Court OKs Removing Content From The Public Domain - LogicHoleFlaw
http://techdirt.com/articles/20100621/2320049908.shtml

======
anigbrowl
This is an interesting story, but poorly reported and understood (IMO, but
IANAL). I think the court is right, which is ironic, given my extended rant
about copyright overreach only 2 hours ago
(<http://news.ycombinator.com/item?id=1453080>).

Quick-but-simplistic summary: US musicians played music of dead Russian
composer Shostakovich, which was in public domain in the US, for fun and
profit.

Meanwhile, US complains to Russia about failure to enforce US copyrights and
halt piracy there. Russia points out that those works were never copyrighted
in Russia and are thus in the (Russian) public domain. US invokes Berne
convention, saying that US copyright registration is sufficient for worldwide
recognition. Russia points out that US has cheerfully ignored Russian
copyrights. US admits Russia has a point and passes an act (URAA) to respect
foreign copyrights in US.

Shostakovich's work is no longer in the US public domain as a result:
performances infringe newly (and retroactively) established copyright.
Copyright holders demand royalties for any future use; performers balk, and
plead reliance on previous public domain status. Agreement impossible,
lawsuits launched, performers as plaintiffs claim that extension of copyright
to previously unprotected works violates 1st amendment.

-

The court decided three basic things. First, that the US government has an
interest in seeing US copyrights enforced overseas; and as this depends on
treaties which in turn mean we must reciprocally enforce overseas copyright in
the US, the government's interest in upholding international copyright
treaties trumps that of US musicians to play the music of Shostakovic without
paying any royalties.

Second, it doesn't infringe free speech insofar as it is content-neutral: the
copyright status of Shostakovic has changed not because the government wishes
to suppress performances of his music or because it hates the performers in
question, but simply because the works of Shostakovic ought not have been in
the public domain to begin with.

Why not, you ask - aren't I supposed to be against endlessly extending
copyright? Indeed I am. But Shostakovic only died in 1975. Even under shorter
grants of copyright, his work would normally be protected for many years to
come, so that his heirs or publishers could enjoy the fruits of his creativity
as he saw fit to assign his rights. The only reason for this to be overlooked,
and his work to find its way into the US public domain, is that when
Shostakovic died Russia was still part of the USSR, with whom we had no sort
of copyright arrangements because the USSR was a communist regime which did
not believe in such things anyway.

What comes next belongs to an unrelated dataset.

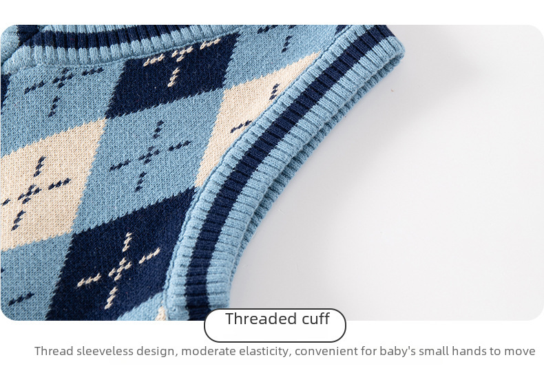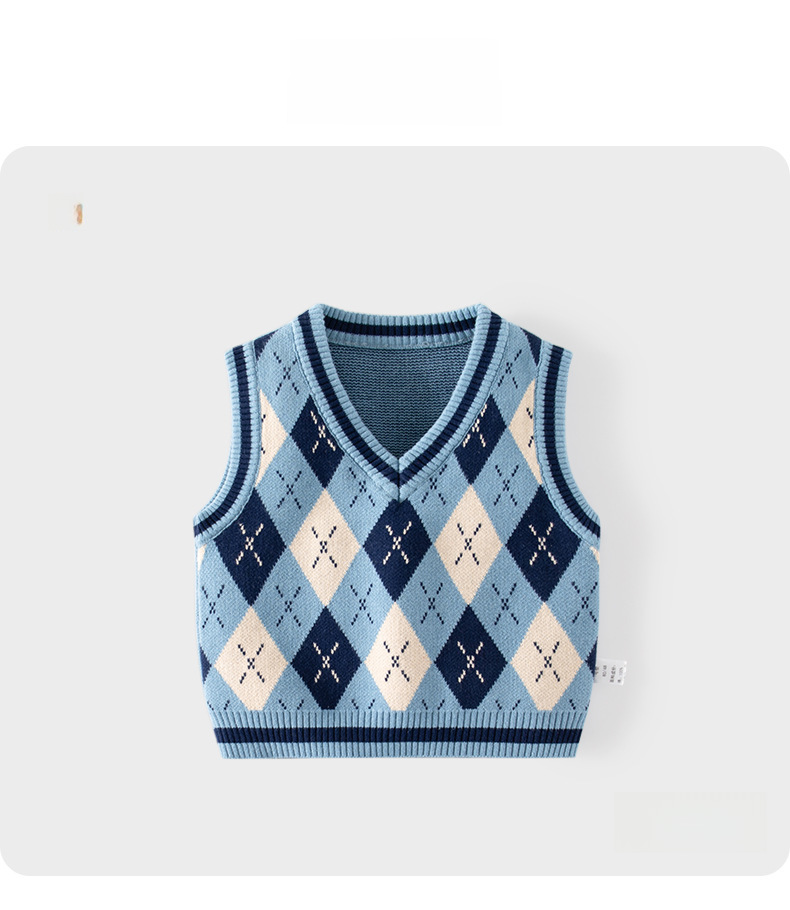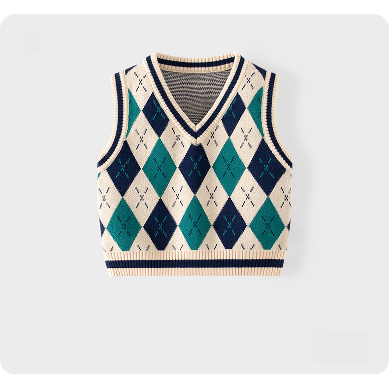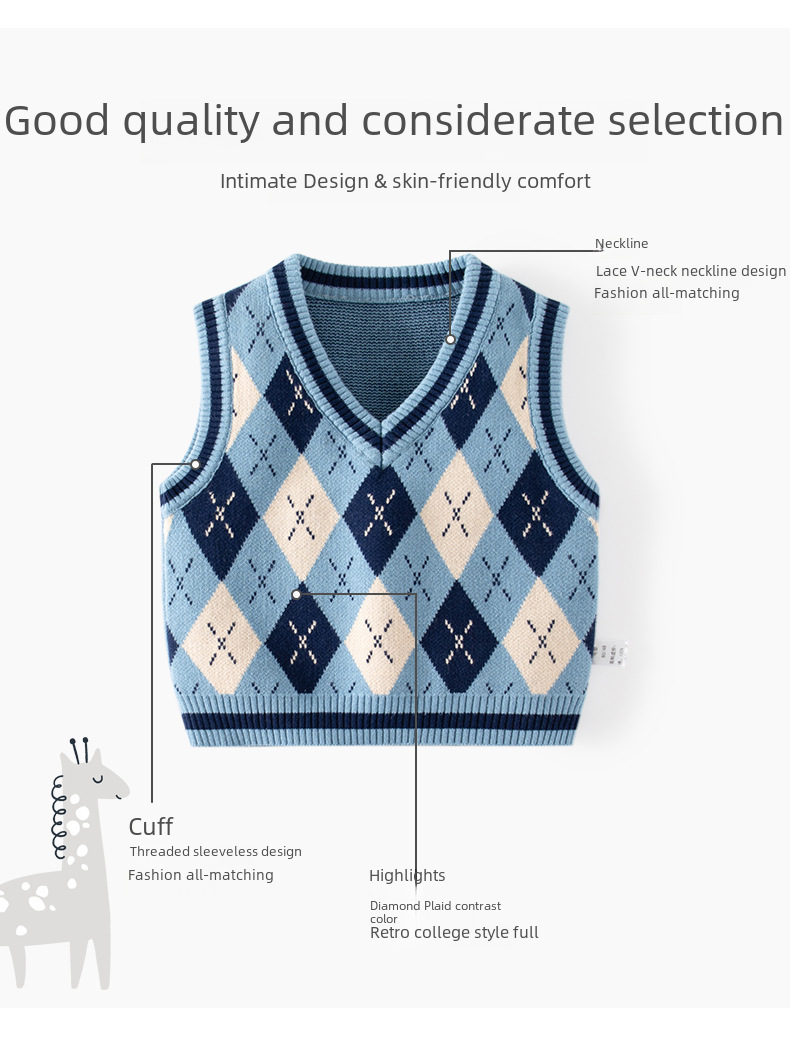 Plaid baby vest pure cotton class A baby vest spring and autumn outer wear British style boys vest sweater

Since russia is no longer communist but has
since become a signatory to the Berne convention, and since they have
retroactively extended the normal protections of copyright to works created
before the fall of communism, under the Berne treaty we have to respect that;
otherwise we would be in the curious position of saying that Shostakovic must
remain in the US public domain out of deference to the (lack of) copyright
protection resulting from the laws of the erstwhile Soviet Union.

Third, the performers dislike the fact that since the copyright has been
extended to the works of Shostakovic, the URAA means that all the copyright
holders have to do is give them a year's notice before they either pay
royalties or give up performing his work. In the UK, they say, a rights holder
must pay money to someone who relied upon a mistaken public domain
classification, to reflect the loss of income they suffer due to their sudden
inability to sell the newly-copyrighted work. The court disagreed, pointing
out that while UK law would require them to be compensated for their
inconvenience before the rights owner could start licensing the work, it would
also impose a mandatory immediate halt to their performance activity, rather
than the 12 month grace period allowed under US law - and so they are no worse
off, overall.

So in a nutshell, US performers of Shostakovic music were getting something
for nothing, because but for the composer having lived and died under
communism, his work would never have been in the public domain to begin with.
To argue otherwise would be like saying to Russians that Soviet law still
applies to all property created before 1992.